For mid- and high-end cards, the impact is less severe. Cards with declared values of $1,500 or more generally move through higher service tiers anyway, and those remain available.
Could PSA-Graded Cards Get More Expensive?
Possibly.
Whenever supply slows, markets react. If fewer PSA value-tier cards are entering the marketplace over the next few months, certain already-graded cards could see short-term premiums, especially high-demand Pokémon, sports, and TCG cards where PSA 10 liquidity matters.
Raw cards may also see movement. Some collectors may shift focus to higher-quality raw copies that can eventually be submitted once PSA reopens value tiers.
But this is not a guaranteed moonshot. The hobby has seen these moments before. PSA paused submissions during the pandemic boom in 2021, and while some graded cards spiked, the broader market eventually normalized.
The bigger question is whether this backlog creates a temporary pricing squeeze or a longer-term shift in how collectors think about grading ROI.
Will Other Grading Companies Benefit?
Almost certainly.
When PSA slows down, collectors look elsewhere. SGC, Beckett, CGC, TAG, and other grading companies could see increased demand from hobbyists who do not want to wait months for PSA value tiers to reopen.
But that does not automatically mean competitors are immune from the same pressure. The article notes that CGC appears to have increased turnaround times on some services, and TAG has already paused certain service levels due to capacity.
The grading bottleneck may not be just a PSA problem.
It may be a hobby-wide infrastructure problem.
PSA’s Market Power Is Still the Real Story
This situation also reinforces why PSA remains the dominant force in grading.
Collectors continue to submit to PSA because PSA slabs generally carry the strongest resale liquidity. Other graders can absolutely outperform PSA in specific niches, especially with premium grades like BGS Black Label 10 or CGC Pristine 10, but PSA still tends to be the default market standard.
That matters because grading is not just about authentication. It is about market confidence.
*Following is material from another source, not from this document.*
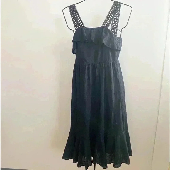 J.Crew black ruffled eyelet midi dress. Size 00. Fits true to size. Excellent used condition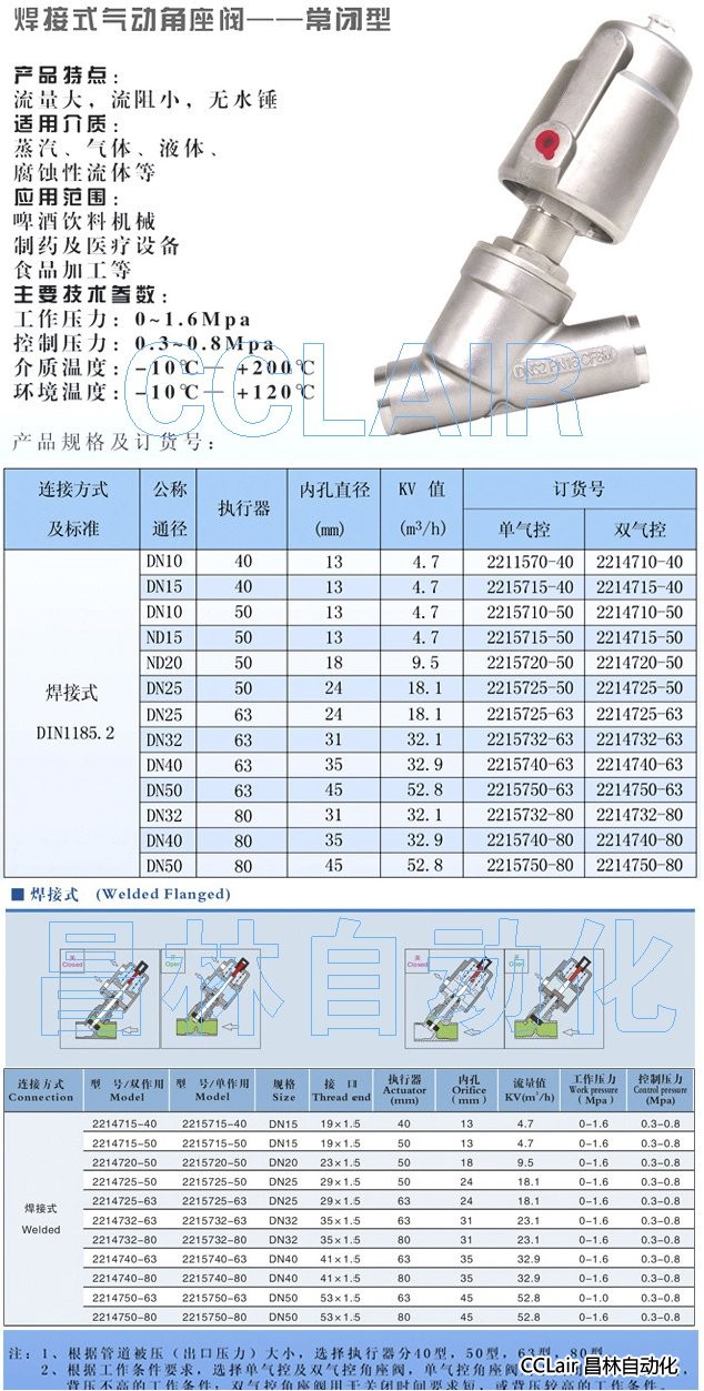 詳細信息 2211570-40,2215715-40,2214710-40,2214715-40,2215710-50,對焊式氣動角座閥

A PSA slab is often easier to sell, easier to comp, and easier for casual buyers to understand.
That liquidity advantage is why collectors keep sending cards to PSA even when turnaround times stretch, prices rise, or service tiers pause.
The Bigger Hobby Takeaway
The PSA backlog is not a sign that the hobby is dead.
It is the opposite.
This is what happens when sports cards, Pokémon, TCGs, retail submission partnerships, online marketplaces, and collector speculation all collide at once.
The industry has become bigger, more mainstream, and more technologically connected. Cards are no longer just nostalgic objects sitting in binders. They are collectible assets, cultural artifacts, gaming pieces, investment vehicles, and social flexes all at the same time.
That growth is exciting. It also creates pressure.
The next phase of the grading market will be about capacity, transparency, turnaround reliability, and trust. PSA is trying to solve that with a major expansion, but collectors are going to feel the pain before they feel the benefits.
For now, the smart move is simple: grade with intention.
Not every card needs a slab. Not every raw card is worth the wait. And not every backlog creates a buying opportunity.
But for the right cards, in the right condition, with the right timing, PSA still matters.
Probably more than ever.
TLDR
PSA is pausing several lower-cost grading tiers starting June 2, 2026, after submissions pushed its backlog to roughly 10 million cards. The surge is being driven by record hobby demand, Pokémon and TCG growth, and easier submission access through partners like GameStop. Collectors with personal collection cards may be better off waiting, while low-end flippers may need to rethink grading economics. PSA’s dominance remains intact, but competitors like CGC, SGC, Beckett, and TAG could see increased demand as collectors search for alternatives.